Bruttino probabilmente, ma esiste


----------



## gabrigabri

Sì, però tra i significati di "che" senza accento riportate dal demauro, non c'è "perché", no? (sono così tante che ho dato solo un rapido sguardo)


----------



## chicco007

Il Devoto Oli cosa dice? 

De Mauro non mi piace molto ...accuso arretratezza e il fatto di essere restio a certe innovazioni stilistiche che impoveriscono la ns già tanto povera lingua...

BU....Basso Uso....


----------



## Necsus

Senza dubbio il _ché_ accentato con valore di _perché_ non è quasi più usato, ma questo non può significare certo che debba essere cancellato dalla lingua italiana  (Garzanti):
ché - _cong_. aferesi di _perché_ (introduce prop. interrogative, causali o finali): _ché non rispondi?_; _copriti ché fa freddo_; _te lo dico, ché non s'abbia a ripetere_.

Per quanto riguarda 'che' nella frase di gabrigabri, direi che non ha valore di _perché_ in quanto non introduce una preposizione causale o finale, ma piuttosto una consecutiva.


----------



## gabrigabri

Ecco, il mio esempio era ovviamente non azzeccato, la prima cosa che mi è venuta in mente 
Forse meglio: chiamami che ti devo dire una cosa?
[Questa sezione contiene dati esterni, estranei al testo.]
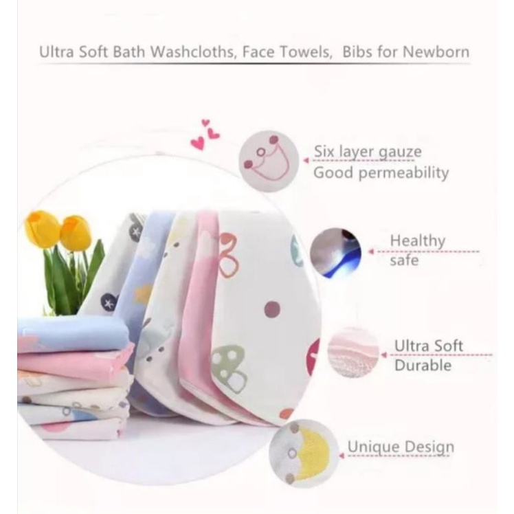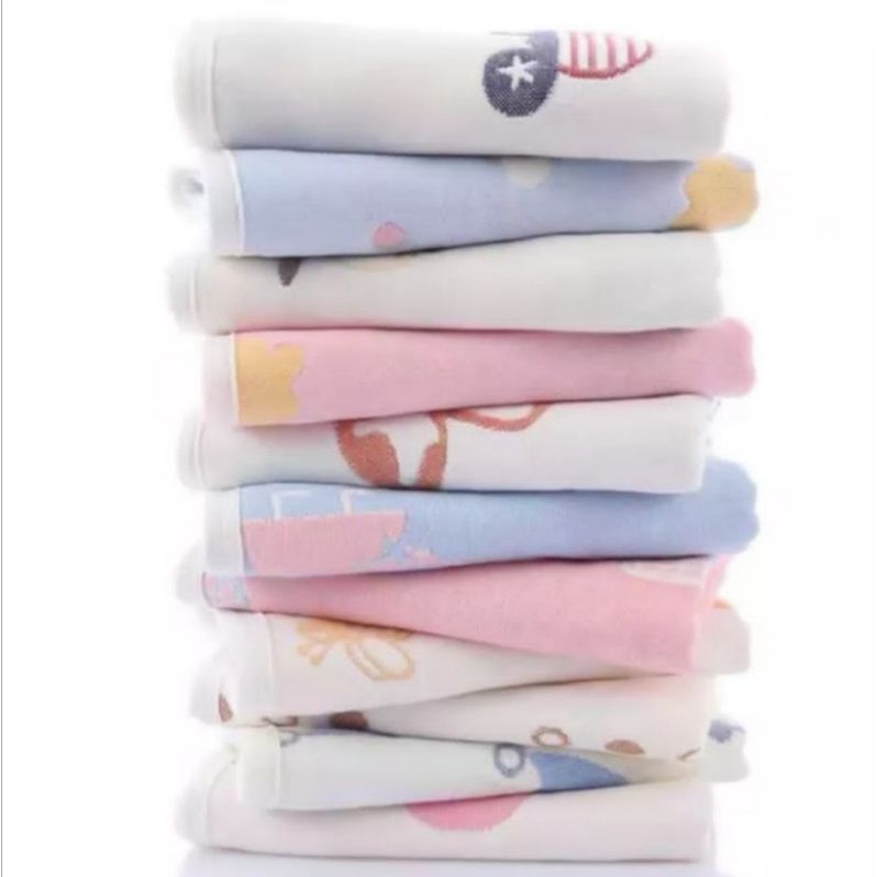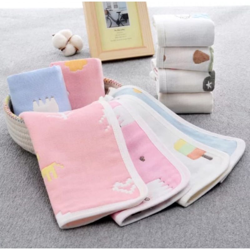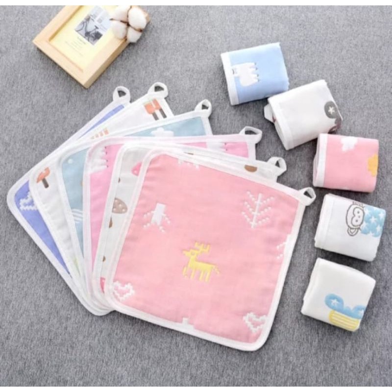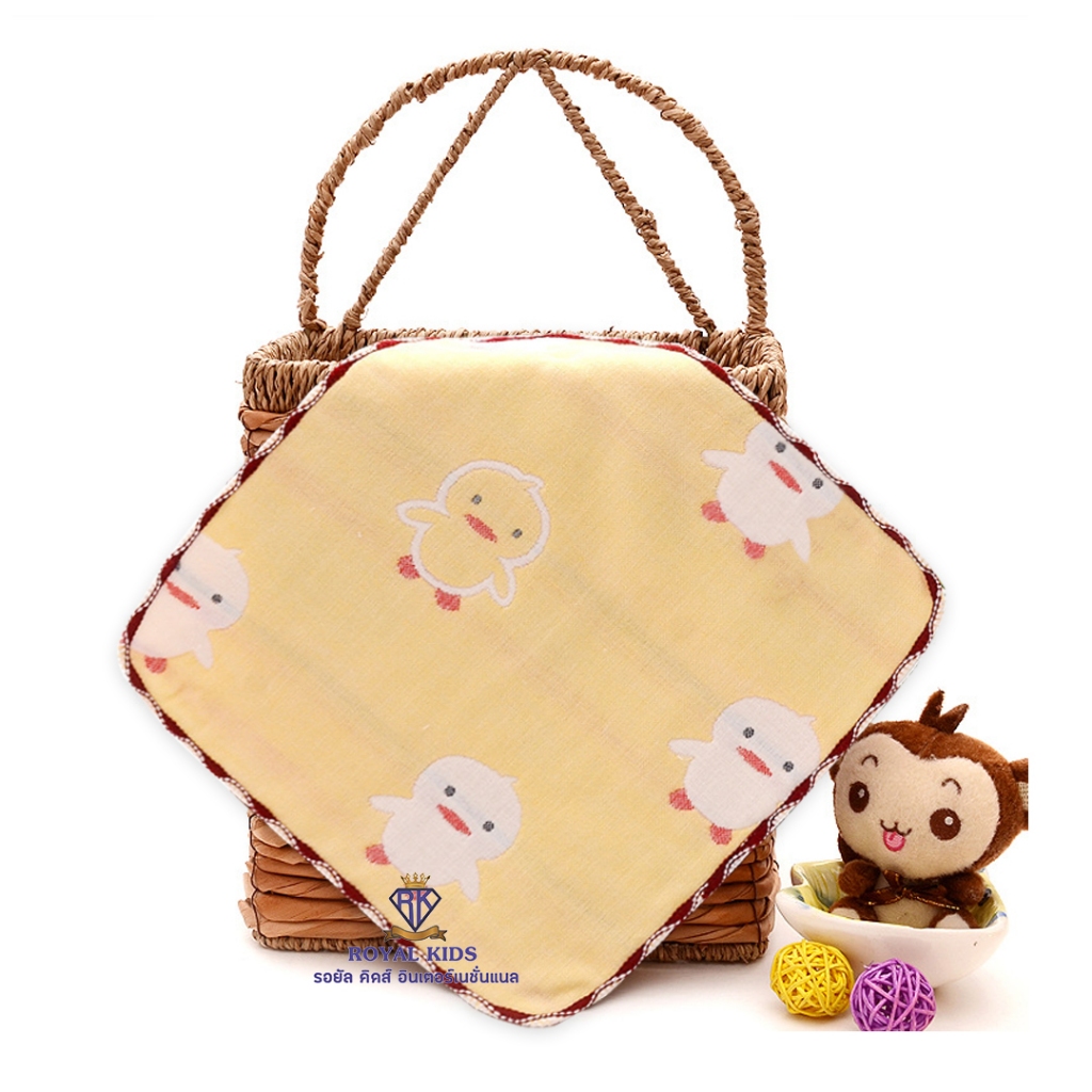 C0023 ผ้าเช็ดหน้าอนุบาล ผ้าสาลูทอ6ชั้น หน้าเด็ก ขนาด 25x25cm. อเนกประสงค์

Copriti che fa freddo è perfetto!
con o senza accento?


----------



## Danielev

Secondo me, decisamente con l'accento. Ma comunque è un problema relativo dato che il 'ché' è molto informale a mio modo di vedere, quindi è molto più probabile sentirlo dire che vederlo scritto,no? E va usato con l'altro accento, di cui non so il nome: quindi 'ché' e non 'chè'.


----------



## Medusa_allo_specchio

Danielev said:


> Secondo me, decisamente con l'accento. Ma comunque è un problema relativo dato che il 'ché' è molto informale a mio modo di vedere, quindi è molto più probabile sentirlo dire che vederlo scritto,no? E va usato con l'altro accento, di cui non so il nome: quindi 'ché' e non 'chè'.


 
'Accento acuto'


----------



## giovannino

Gabri, mi sono fatto spesso anch'io questa domanda. Ho cercato nella grammatica di Serianni e ho trovato una breve trattazione di questo uso di _che. _Serianni lo definisce "_che _subordinante generico, o _che _polivalente", ampiamente usato "nell'italiano di registro colloquiale antico e moderno, ma con larghissime attestazioni anche letterarie". "Abbastanza spesso si istituisce tra le due proposizioni un evidente rapporto causale: _copritevi, che fa freddo..._In altri casi sarebbe possibile cogliere un rapporto temporale[...]finale[...]consecutivo[...]. Ma il più delle volte il tentativo di catalogare secondo rigidi criteri logico-grammaticali questa funzione di _che_ è arbitrario."


----------



## Dulcinea

Secondo me, si usa molto più spesso di quanto non si pensi.

Un esempio:

Digli di richiamare, ché adesso ho da fare. (Una forma che chiunque potrebbe usare nel quotidiano)

Diverso da:

Digli di richiamare, digli che adesso ho da fare.


----------



## Necsus

gabrigabri said:


> Copriti che fa freddo è perfetto!
> con o senza accento?


Be', è tra gli esempi del Garzanti per l'uso di ch*é*..


----------



## giovannino

Necsus said:


> Be', è tra gli esempi del Garzanti per l'uso di ch*é*..


 
Però Serianni dà un esempio praticamente identico (_copritevi, che fa freddo) _senza accento.


----------



## Necsus

giovannino said:


> Però Serianni dà un esempio praticamente identico (_copritevi, che fa freddo) _senza accento.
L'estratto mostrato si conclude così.